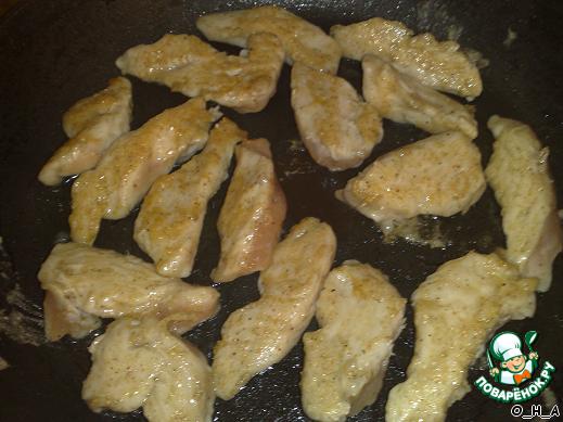 На разогретую сковороду с маслом выкладываем мясо. По кусочку, чтобы не слиплось.
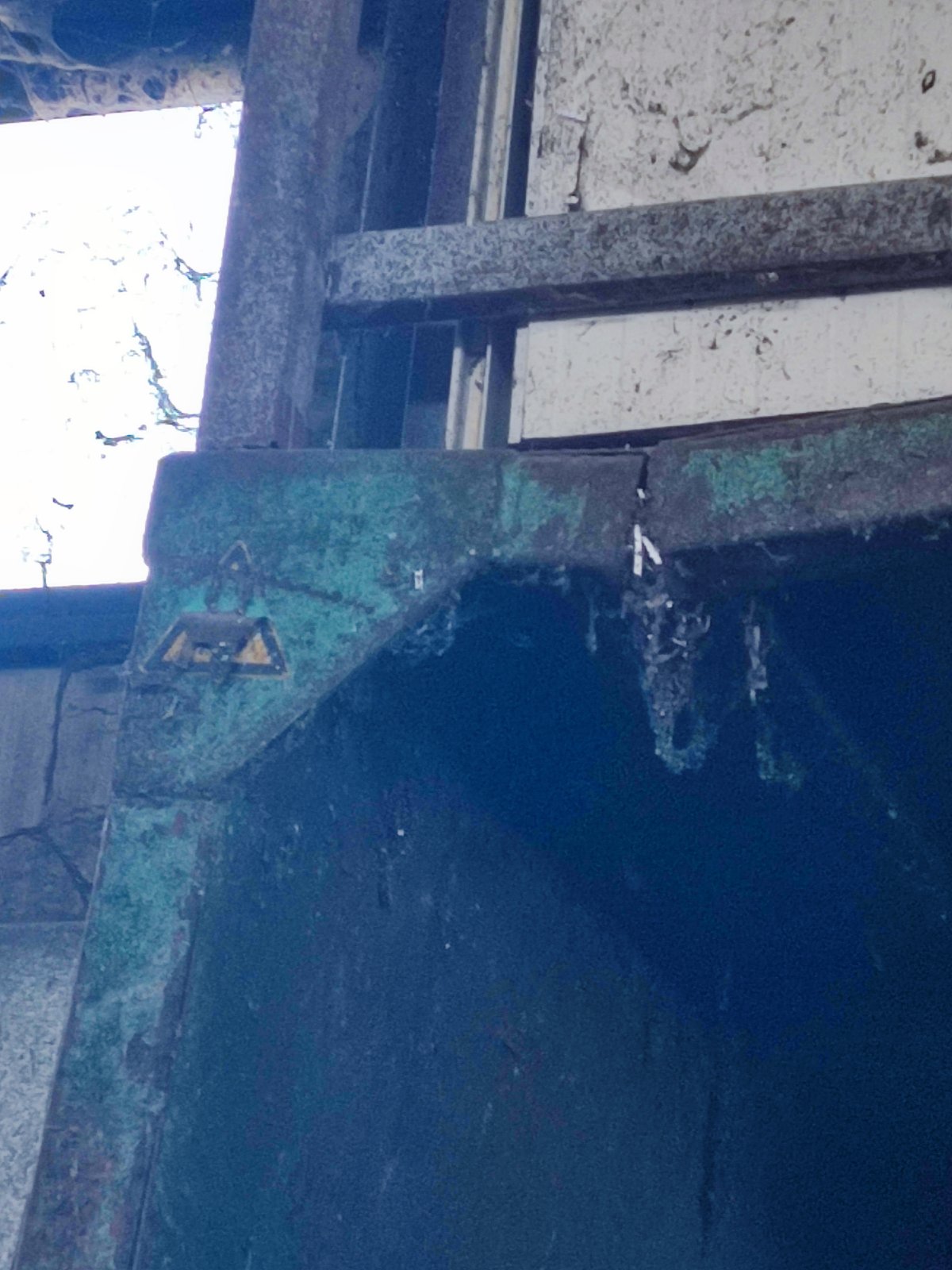 - σάπιες λαμαρίνες, σπασμένοι κοιλοδοκοί όπου πάνω τους δουλεύουν εργάτες, γυμνά καλώδια έξω από τον πίνακα δίπλα στα οποία πέφτουν σίδερα, απουσία πιστοποιητικού ηλεκτρολόγου, δεν υπάρχει συντηρητής,
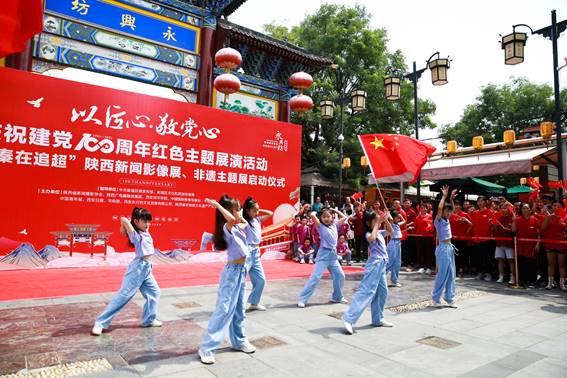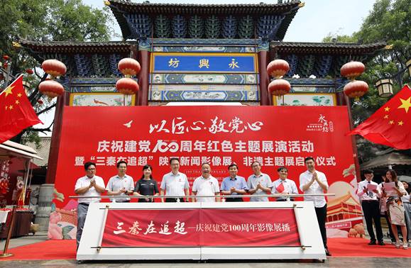 2021年6月30日上午,“三秦在追超——庆祝建党100周年影像展播”首站展播走进西安永兴坊。来自省、市、区相关部门领导、企事业单位、高等院校、行业协会、非遗传承人、媒体等约500余人参加了本次活动。
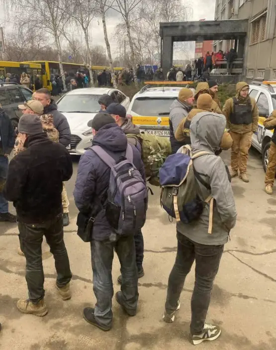 Images from local and international news organisations on the ground show men queuing up around official buildings to sign up for the fight against Putin's army.
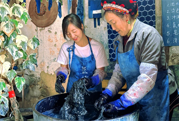 上綜藝、走秀場(chǎng)、進(jìn)課堂、出國(guó)門,扎染時(shí)裝新品、文創(chuàng)產(chǎn)品火爆暢銷,通過(guò)文化交流互鑒而創(chuàng)新發(fā)展,走出喜洲,走向世界。
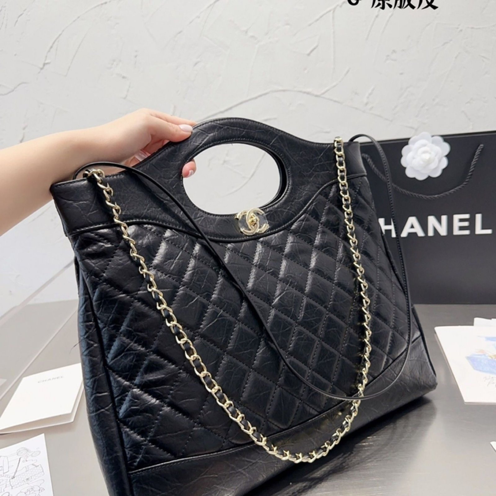 • The iconic quilting on the bag is meticulously done with precise stitching, creating the characteristic diamond-shaped pattern that CHANEL is renowned for.
▬▬▬▬▬▬▬▬▬▬
*EXERCISE REQUIREMENTS:*
Copy the listing above verbatim; the pictures it contains are to stay out.

*TASK ANSWER:*
 На разогретую сковороду с маслом выкладываем мясо. По кусочку, чтобы не слиплось.
 - σάπιες λαμαρίνες, σπασμένοι κοιλοδοκοί όπου πάνω τους δουλεύουν εργάτες, γυμνά καλώδια έξω από τον πίνακα δίπλα στα οποία πέφτουν σίδερα, απουσία πιστοποιητικού ηλεκτρολόγου, δεν υπάρχει συντηρητής,
 2021年6月30日上午,“三秦在追超——庆祝建党100周年影像展播”首站展播走进西安永兴坊。来自省、市、区相关部门领导、企事业单位、高等院校、行业协会、非遗传承人、媒体等约500余人参加了本次活动。
 Images from local and international news organisations on the ground show men queuing up around official buildings to sign up for the fight against Putin's army.
 上綜藝、走秀場(chǎng)、進(jìn)課堂、出國(guó)門,扎染時(shí)裝新品、文創(chuàng)產(chǎn)品火爆暢銷,通過(guò)文化交流互鑒而創(chuàng)新發(fā)展,走出喜洲,走向世界。
 • The iconic quilting on the bag is meticulously done with precise stitching, creating the characteristic diamond-shaped pattern that CHANEL is renowned for.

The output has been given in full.